Grilled Chicken and Broccoli Bowl with Creamy Garlic Sauce
A deliciously satisfying and protein-packed meal that combines juicy grilled chicken, crisp-tender broccoli, fluffy rice, and a rich creamy garlic sauce — all in one comforting bowl. Perfect for meal prep, lunch, or a healthy dinner!
Ingredients
For the Chicken:
- 2 boneless, skinless chicken breasts
- 1 tbsp olive oil
- 1 tbsp lemon juice
- 1 tsp garlic powder
- 1/2 tsp smoked paprika
- Salt and black pepper, to taste
For the Broccoli:
- 2 cups fresh broccoli florets
- 1 tbsp olive oil
- Salt and pepper, to taste
- 1/4 tsp red pepper flakes (optional)
For the Creamy Garlic Sauce:
- 2 tbsp unsalted butter
- 4 garlic cloves, minced
- 1 tbsp all-purpose flour
- 1 cup milk (or half-and-half for richer sauce)
- 1/4 cup grated Parmesan cheese
- Salt and pepper, to taste
For Serving:
- 2 cups cooked white or brown rice (or quinoa)
- Fresh parsley or green onions, chopped (optional garnish)
- Lemon wedges (optional)
Instructions
Step 1: Marinate and Grill the Chicken
- In a bowl, mix olive oil, lemon juice, garlic powder, paprika, salt, and pepper.
- Coat the chicken breasts evenly with the marinade and let sit for at least 15–30 minutes.
- Preheat a grill pan or outdoor grill over medium-high heat.
- Grill chicken for 5–7 minutes per side or until fully cooked and nicely charred. Let it rest for 5 minutes, then slice.
Step 2: Roast or Steam the Broccoli
- Option 1 (Roasted):
Toss broccoli florets with olive oil, salt, pepper, and optional red pepper flakes. Spread on a baking sheet and roast at 400°F (200°C) for 15–18 minutes until edges are golden. - Option 2 (Steamed):
Steam broccoli over boiling water for 5–6 minutes until tender but still bright green.
Step 3: Make the Creamy Garlic Sauce
- In a saucepan, melt butter over medium heat. Add minced garlic and sauté for 1 minute until fragrant.
- Whisk in flour and cook for 1–2 minutes to form a roux.
- Slowly pour in the milk, whisking continuously to avoid lumps.
- Simmer until thickened (about 3–5 minutes), then stir in Parmesan cheese, salt, and pepper.
- Remove from heat and set aside.
Step 4: Assemble the Bowl
- Start with a base of warm rice in each bowl.
- Top with grilled chicken slices and roasted or steamed broccoli.
- Drizzle generously with the creamy garlic sauce.

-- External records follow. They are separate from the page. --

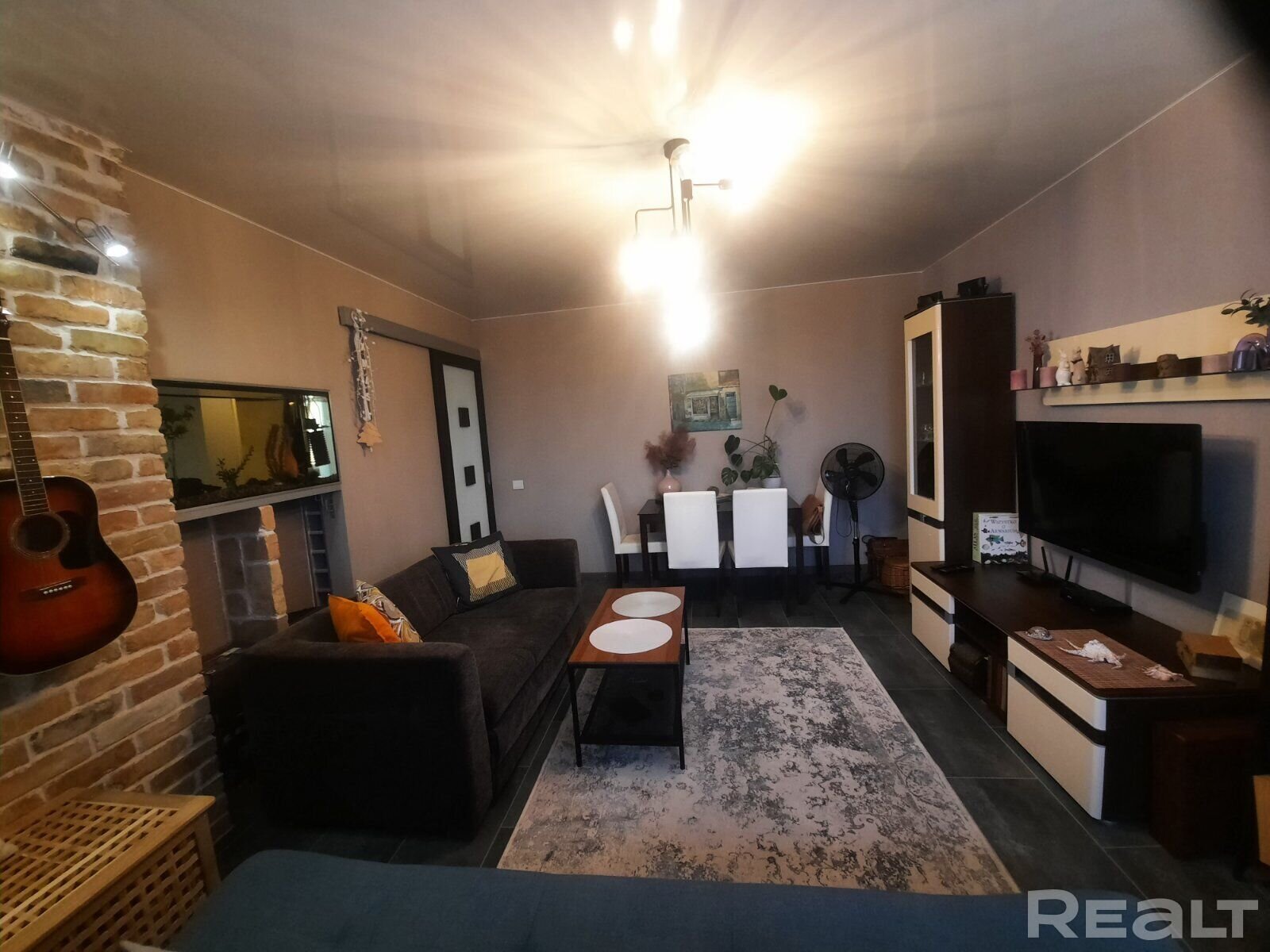В зале расположены два стола, два дивана и много деталей вроде картин и гитар на стене. Преобладают темные и контрастные цвета.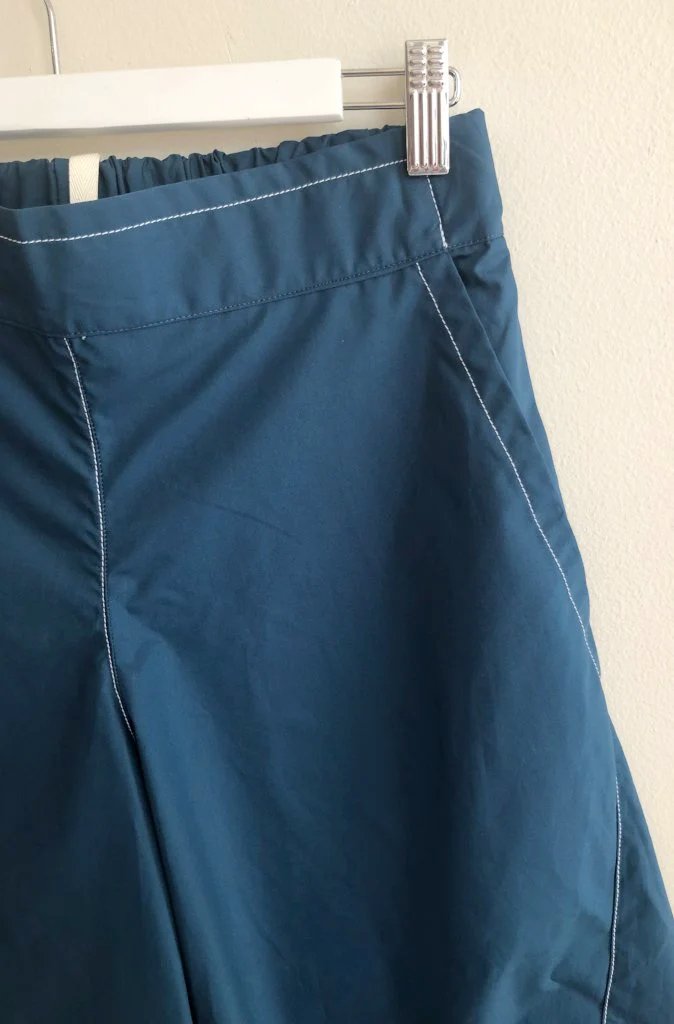 It boasts a flat front, elastic back, side pockets, and a unique tulip hem. The fabric is expertly cut to achieve a panelled effect, making it both casual and comfortable.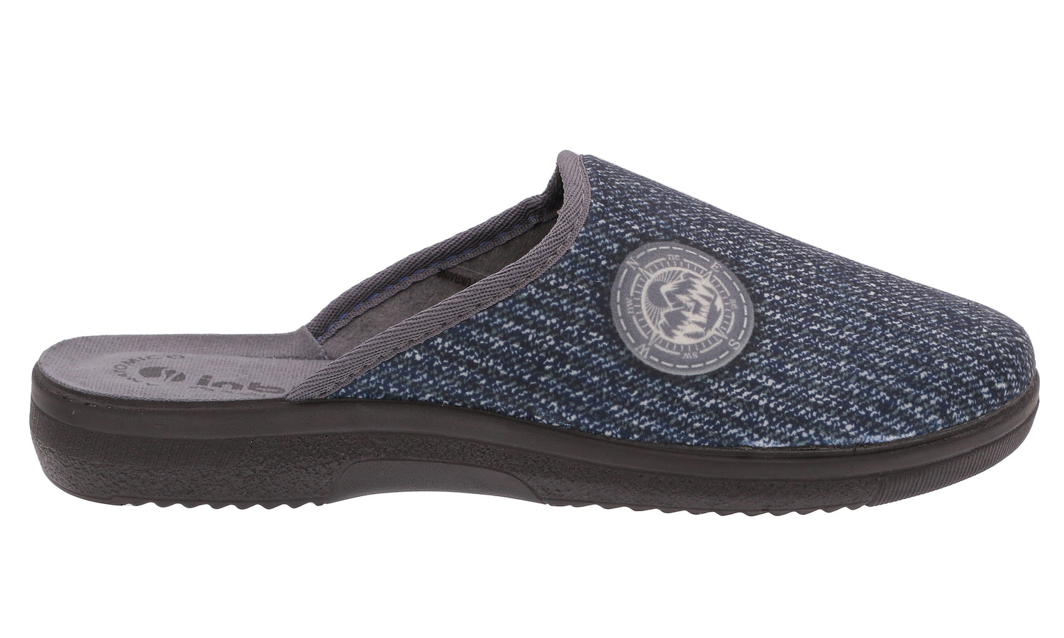 INBLU sklep - polskie obuwie. Kapcie męskie obuwie domowe IN-DG-16 produkcji polskiej o charakterze rekreacyjnym wykonane z ekologicznego materiału tekstylnego. Wnętrze wyłożone miękkim materiałem tekstylnym dobrze przepuszcza powietrze i zapewnia wysoki komfort. Wkładka wewnętrzna profilowana, wykonana z miękkiego materiału tekstylnego. Spód plastycznie profilowany wykonany z lekkiego i elastycznego tworzywa - poliuretanu idealnie dopasowany do kształtu anatomicznego stopy, zapewnia sprężystość i bardzo dobre przenoszenie obciążeń na podłoże. Użyte materiały i zastosowana technologia zapewnia wysoki komfort użytkowania i wygodę. Obuwie domowe INBLU jest szczególnie polecane dla osób o stopach wrażliwych lub alergicznych.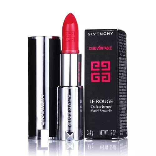 这款唇膏管身印有Givenchy的LOGO。由黑色压纹小羊皮包裹,融合了时尚设计总监Riccardo Tisci的黑色浪漫以及都会时尚设计理念。内管的唇膏膏体赋予人优雅高贵质感。与之前的唇膏较不同的是,纪梵希 (Givenchy) Le Rouge系列中的唇膏,更强调颜色的饱和度及显色效果,主打只要擦一层就能超完美展现色彩张力,并且具有足够的滋润度,让双唇完全不会显得干燥。万年爆皮唇涂抹时也不需要润唇膏打底,上唇效果非常接近唇彩,但是又不像唇彩那么粘腻,遮盖力不错不太挑唇底色。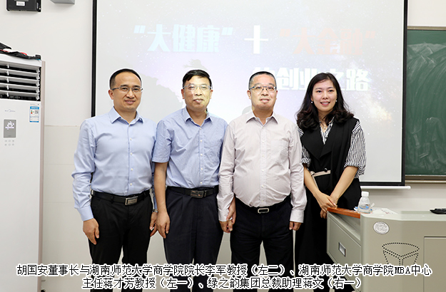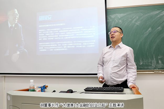 2019年6月23日,湖南师范大学客座教授、安博官网董事长胡国安应湖南师范大学邀请,为“湖南师范大学第六届MBA企业案例大赛暨全国管理案例精英赛校园突围赛”作评委主席。并以《“大健康”+“大金融” 的创业之路》为主题,为湖南师范大学2018级MBA学员、金融硕士、工商管理研究生100余人带来一场振奋人心、精彩纷呈的讲座。通过分享自己真实的创业故事,鼓励学员们不要因为迷茫而虚度光阴,在未来的生活中,永远不要停止前进的脚步,不放弃最初的梦想。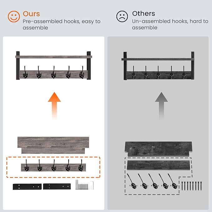 - QUICK AND EASY TO ASSEMBLE: Come with durable screws, anchors and easy-to-understand instruction, 5 hooks assembled on rail before package, pre- drilled holes for mounting brackets, the coat rack with shelf can be easily installed to the wall firmly
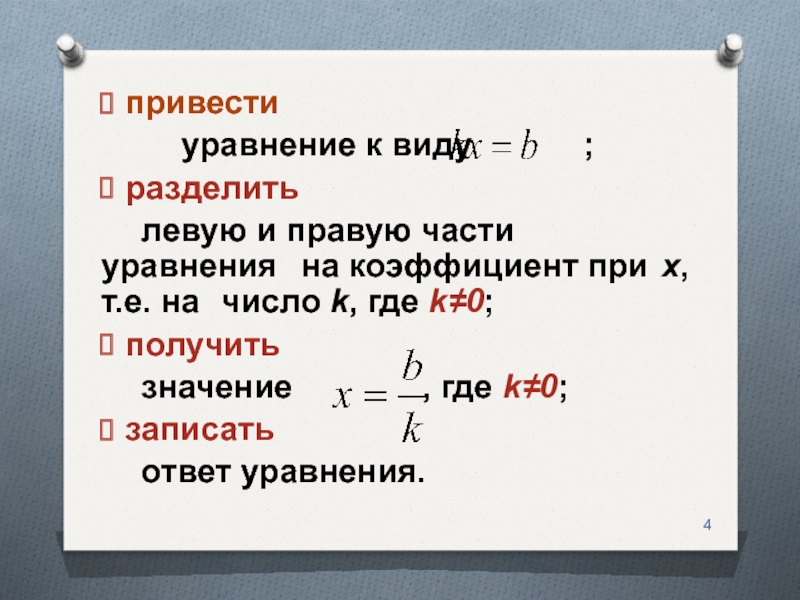части уравнения на коэффициент при x, т.е. на число k, где k≠0;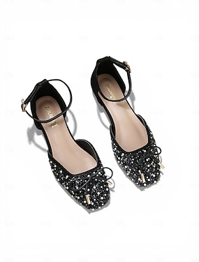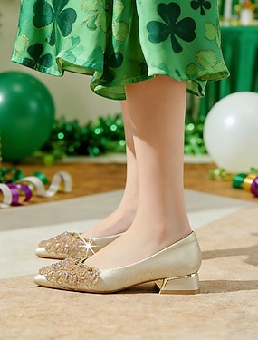 Groene ballerina's met strasssteentjes voor dames - glinsterende ballerina's met strik en enkelbandje voor de viering van St. Patrick's Day en Ierse festivals. &feestkleding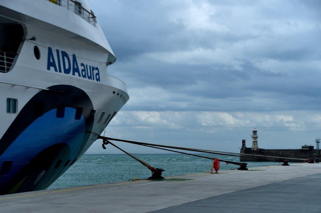 Logisch, dass wir zum Auslaufen auf Deck 10 standen. Es verzögerte sich. Gründe waren der sich weiter verstärkende Wind und eine Fähre, die Probleme hatte, bei Windstärke von annähernd 10 rückwärts einzuparken. Das schnelle Verlassen des Hafens durch die kurz vor unserem Bug liegende Wellenbrecherlücke konnte man vergessen. Der Landwind – besser Landsturm – hätte die AIDAaura bei der naturgemäß geringen Anfangsgeschwindigkeit gegen die Wellenbrecher drücken können. Also musste unser Schiff drehen und versuchen, durch den östlichen Hafenausgang zu gelangen. Aber auch das ging nicht ohne Hilfe: Zwei Schlepper sorgten mit ihren Bugkontakten, dass die AIDAaura nicht abtreiben konnte. Schlepper? Nein, eher Drücker.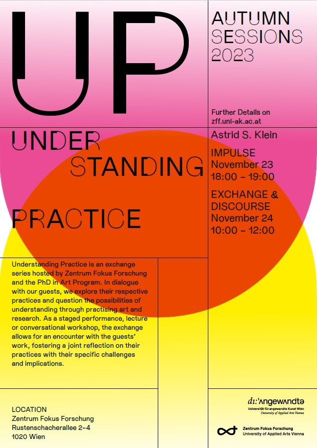 Klein is a master student of Joan Jonas. Her transdisciplinary practice encompasses poetic-critical analyses in different media and public event formats. She is the editor of crossing-boundaries-of-doubt.net and the initiator and artistic director of quartier flottant. She is a founding member of the Gesellschaft für künstlerische Forschung

- Garnish with chopped parsley or green onions, and add lemon wedges on the side for brightness.
Tips
- Add cherry tomatoes, shredded carrots, or avocado slices for extra nutrients and color.
- You can swap the chicken with grilled tofu for a vegetarian version.
- Double the sauce and store in the fridge—it works great on pasta and veggies too.
Meal Prep Friendly
Let the components cool completely before assembling in airtight containers. Store in the fridge for up to 4 days. Reheat in the microwave and enjoy a homemade healthy meal on busy days!